W ubiegł poniedziałek rozpoczęła się ewakuacja rannych żołnierzy z zakładów Azowstal w Mariupolu. W nocy z poniedziałku na wtorek ewakuowano 53 ciężko rannych żołnierzy, którzy trafili do szpitali w okupowanym Nowoazowska. Kolejnych 211 żołnierzy wywieziono do okupowanej Oleniwki, skąd mają trafić korytarzem humanitarnym na terytorium Ukrainy, w ramach wymiany jeńców.
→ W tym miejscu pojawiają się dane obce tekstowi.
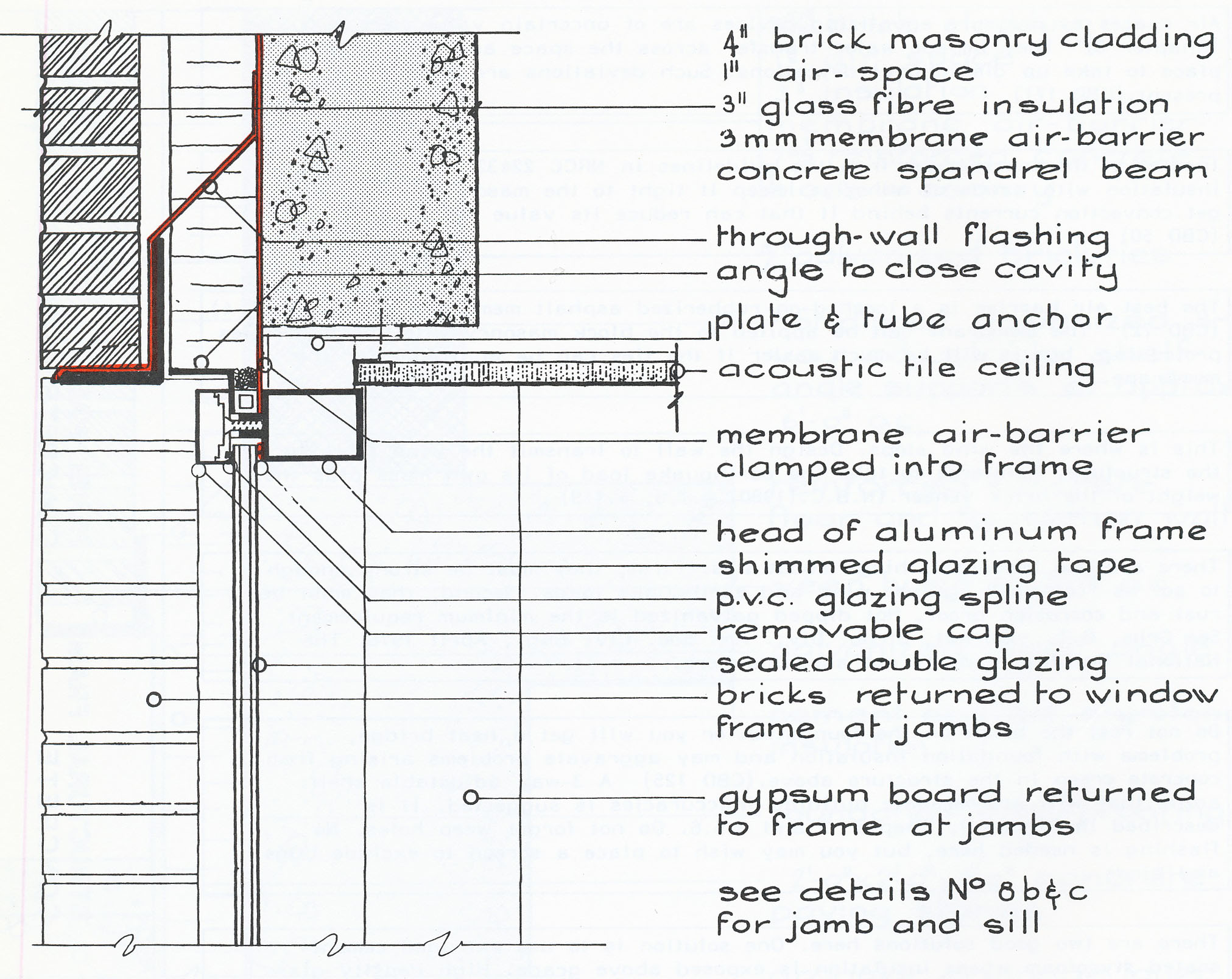 The overall form and features of the building should remain pretty much as they are shown in the as-built drawing above (position of structure relative to facade, etc.), but you will need to modify existing details, in addition to the required modification of the cladding and glazing system. Label all elements in the drawing ("notations"), and provide dimensions and datum heights as in the original detail.

Pod koniec ubiegłego tygodnia dowódca Pułku Azow ppłk Denys Prokopenko relacjonował w mediach społecznościowych, że z fabryki ewakuowano już cywilów i ciężko rannych ukraińskich żołnierzy, a służby zajęły się usuwaniem zwłok zabitych osób.
Sytuacja jeńców z Azowstalu
Obrońcy Azowstalu stali się symbolem niezłomności i odwagi. Mimo trudnych warunków, zdecydowali się na walkę do samego końca. Od momentu kapitulacji zakładów, władze w Kijowie starają się doprowadzić do ich uwolnienia. Tydzień po kapitulacji wciąż nie doszło jednak do wymiany jeńców wojennych.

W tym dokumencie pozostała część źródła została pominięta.